By contrast to natural systems, human systems have rarely been sustainable. Nor have they had to. During most of humanity's tenancy on earth, dating back to our origins in Africa several million years ago, resources and space aplenty have been readily available. Starting as tiny, wandering bands of hunter-gatherers, eventually settling down to become small-scale farmers and finally establishing cities and complex civilizations, humans have simply been able to take what they needed for their sustenance and pleasure. The earth's riches, relative to humanity's population and expectations, were more than sufficient to provide not only for our survival but, as we have become increasingly efficient at manipulating nature and extracting her resources, for the doubling and redoubling of our population to the point where we have occupied the entire planet and become its dominant consumer.

During the entire course of our spread across the earth, we have rarely bothered to replace or replenish any of the resources we have used. In almost every instance, the means which humans have thus far devised to provide their food, clothing, shelter, transportation, and luxuries are dependent on a one-way flow of energy, materials, and living substance from nature toward human society. Today, most of the materials which humans do return to nature are true waste, in the sense that they are either so degraded or concentrated that they are toxic or that they will not biodegrade in a reasonable length of time and simply pile up, hoarding their stored energy rather than releasing it back into the environment for reuse. When, as often happened, our exploitation of local resources ecologically degraded an area to the point where it became uninhabitable, we moved on. Now, there is nowhere left to run.

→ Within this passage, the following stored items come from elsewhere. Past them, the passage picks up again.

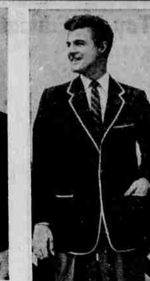
GRAY WOOL flannel blazer is a school tradition. Piped in light blue braid, it's also resort spot wear.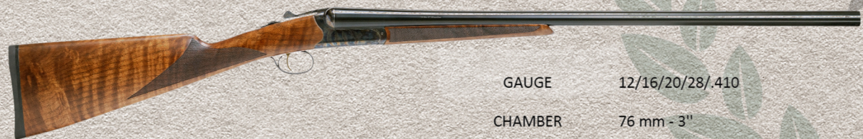
ARM200 F12 CC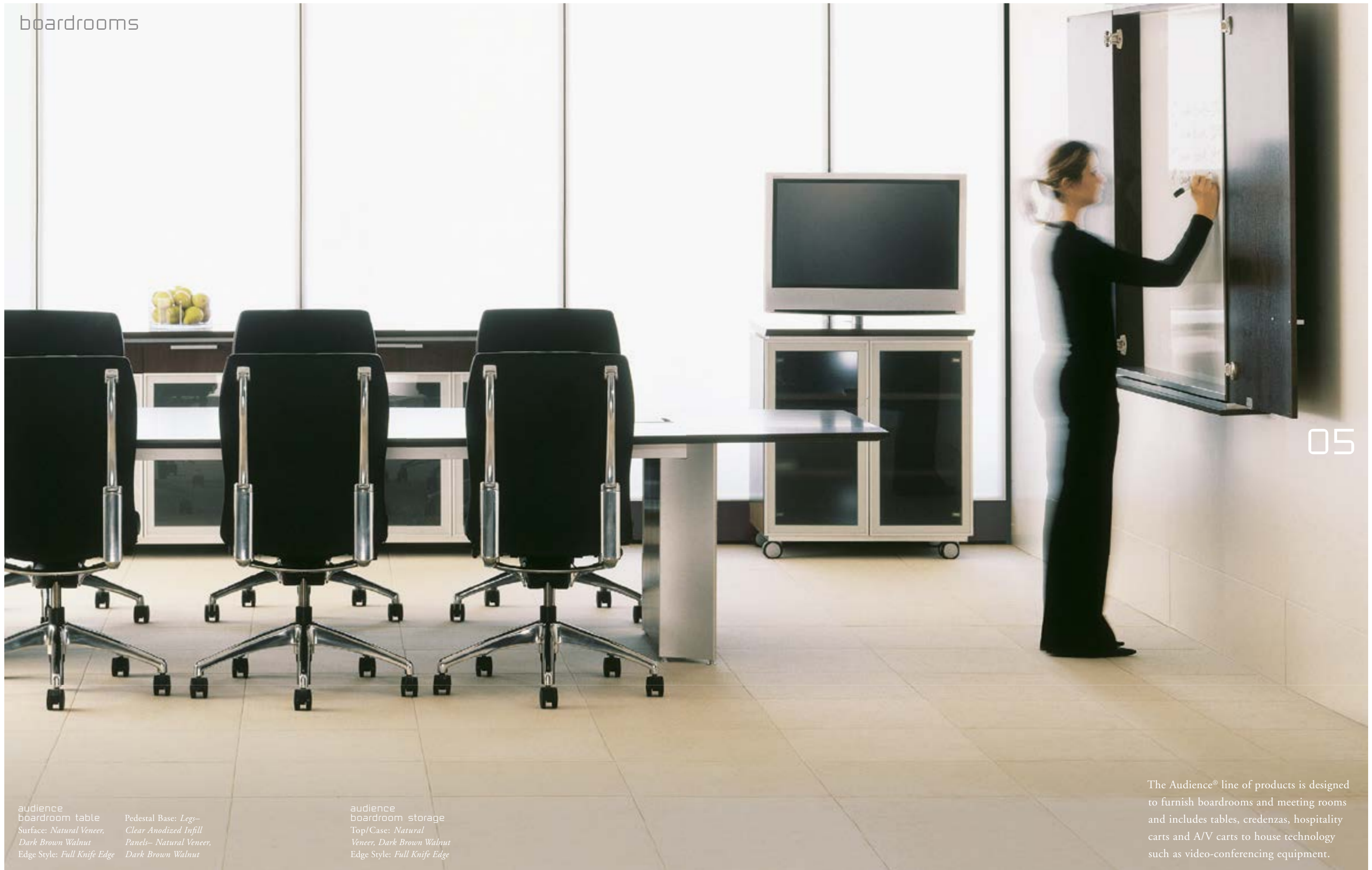
audience boardroom table Surface: Natural Veneer, Dark Brown Walnut Edge Style: Full Knife Edge Pedestal Base: Legs- Clear Anodized Infill Panels- Natural Veneer, Dark Brown Walnut

Nature, as we shall see, has evolved a much more sustainable survival strategy of balancing its production and consumption by recirculating resources within local ecosystems and throughout the biosphere, or global ecosystem. In ecosystems there is no "waste," but only the by-products of biological processes which, when they are expelled by one organism, become the sustenance of another. Waste equals food.

Although the human strategy of providing for ourselves at the expense of the planet's well being has generally worked until now, it is clear that our ecological bank account has almost run out. It is said that we have been living on the non renewable principle of nature's savings account- guzzling oil, destroying forests, soils, and oceans- rather than the renewable interest of biofuels and sustainable forestry, fisheries and agriculture. Humanity's well being, and possibly our survival, not to mention the survival of hundreds of thousands of our kindred species, depends entirely on our ability to adopt nature's sustainable ways and integrate our systems with hers. As human and natural systems co-evolve toward full integration, the artificial, perceptual distinction which has separated the two will fade, and the recognition will grow that there is in fact but one planetary ecosystem which includes humans among its many interrelating and cooperating species.

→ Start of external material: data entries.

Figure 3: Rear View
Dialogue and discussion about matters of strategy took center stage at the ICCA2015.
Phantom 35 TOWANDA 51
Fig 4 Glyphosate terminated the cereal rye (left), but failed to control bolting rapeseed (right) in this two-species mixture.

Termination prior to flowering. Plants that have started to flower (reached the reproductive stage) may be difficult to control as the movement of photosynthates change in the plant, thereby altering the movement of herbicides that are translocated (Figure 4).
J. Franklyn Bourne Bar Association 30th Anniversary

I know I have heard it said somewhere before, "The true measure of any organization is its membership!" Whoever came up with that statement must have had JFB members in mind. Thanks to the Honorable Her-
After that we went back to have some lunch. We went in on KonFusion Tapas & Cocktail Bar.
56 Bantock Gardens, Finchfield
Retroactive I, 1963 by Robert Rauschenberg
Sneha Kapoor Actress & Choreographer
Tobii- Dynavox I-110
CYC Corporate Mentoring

How the integration of human and natural systems can be achieved (particularly through the design or redesign of our habitation systems) is the subject of this book. The vision of ecotecture- a world in which humans dwell in sustainable harmony with nature- and the general approach to manifesting that vision are discussed in this chapter. As sustainability is the standard by which all human designs and activities will be judged in the coming decades and centuries, we will begin by inquiring into its nature.